Abstract

The last twenty-five years in Dakar have seen countless institutional reorganizations in the city’s municipal trash collection system, an explosion of informal recycling and disposal practices, frequent and prolonged garbage strikes, and widespread concerted acts of public dumping. Fredericks’s article examines the messy politics of trash in Dakar through considering the infrastructure of municipal garbage collection as a critical site of contestation around urban citizenship. The devolution of the central burdens of garbage infrastructure onto labor has meant that municipal trash collectors and the other citizens informally managing garbage in the home, community, and garbage dump are called upon to serve as the backbone of the city’s waste collection and disposal architecture.
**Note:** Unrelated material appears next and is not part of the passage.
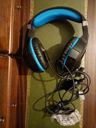 Auriculares para gaming con un diseño moderno en negro y detalles en azul. - Diadema acolchada para mayor comodidad. - Almohadillas suaves para los oídos. - Cable conector incluido. - Micrófono COMO NUEVO, POCO USO, A ESTRENAR... ENTREGA EN MANO O ENVÍO POR WALLAPOP O VINTED
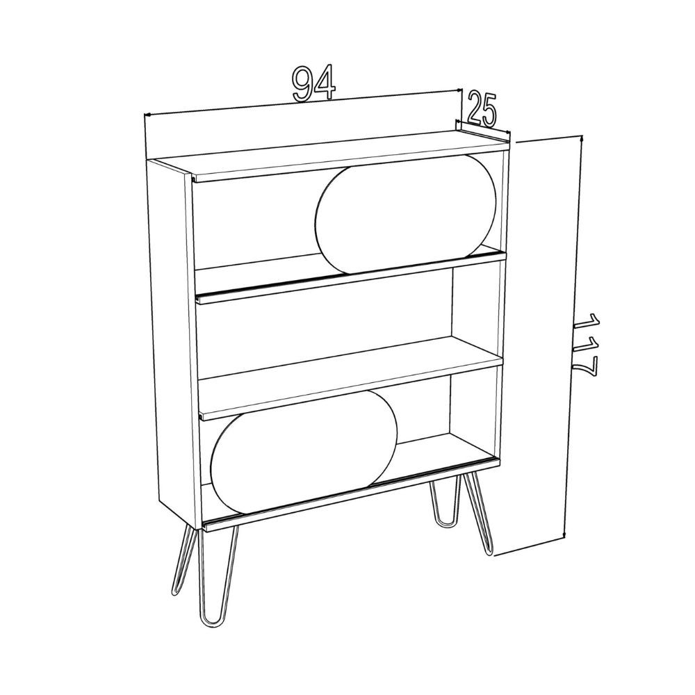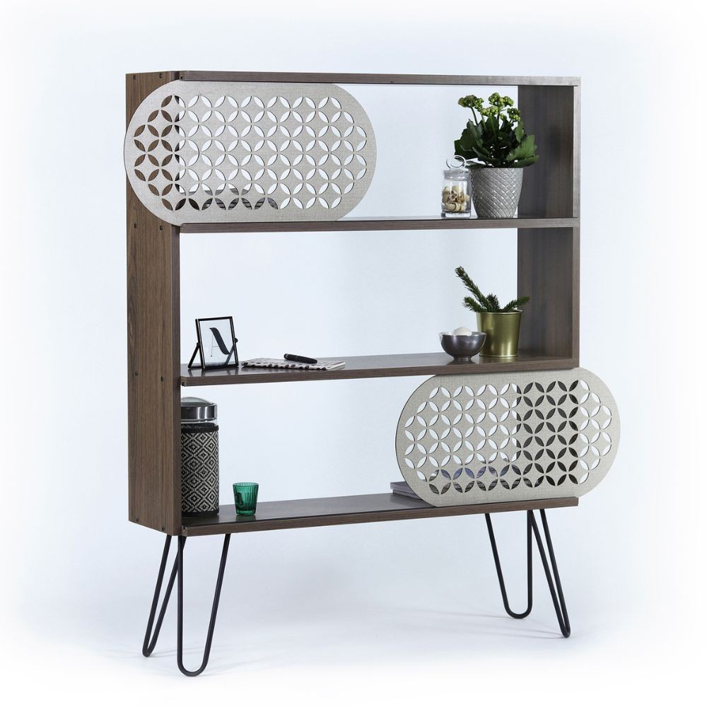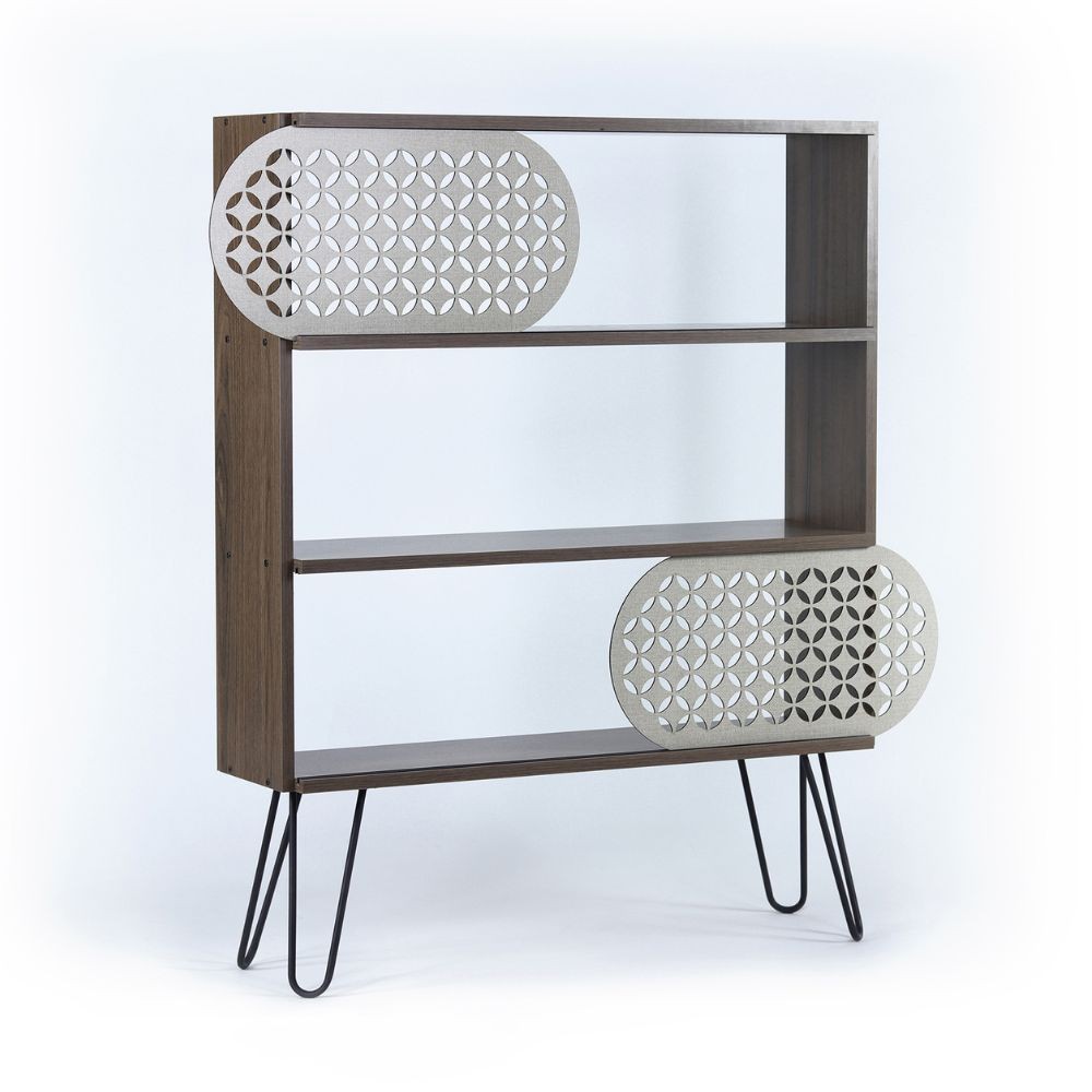 Assoluto elemento di design. Libreria composta da piedi in metallo di colore nero e struttura di colore noce. 3 ripiani, di cui primo e ultimo caratterizzati da un binario dove scorrono due griglie forate color crema. Questo particolare, rende la libreria davvero originale.

The material relations between infrastructure and labor are probed for what they reveal about practices of government performed through differentially ordering spaces and disciplining residents via the burdens of dirt, microbes, and abjection associated with laboring in filth. Social and bodily technologies are thus revealed to be key elements within a wider gamut of techniques constituting urban infrastructure. At the same time, strikes, dumping, and workers’ appeals to the value of cleaning in Islam are shown to subvert ordering paradigms through disrupting the proper flow of waste disposal and inverting its negative associations. The intimacy of this low-tech labor infrastructure and the specificity of waste’s material and discursive dimensions provide fertile ground on which to contest the disposability of labor and lay bare the ethics of infrastructure.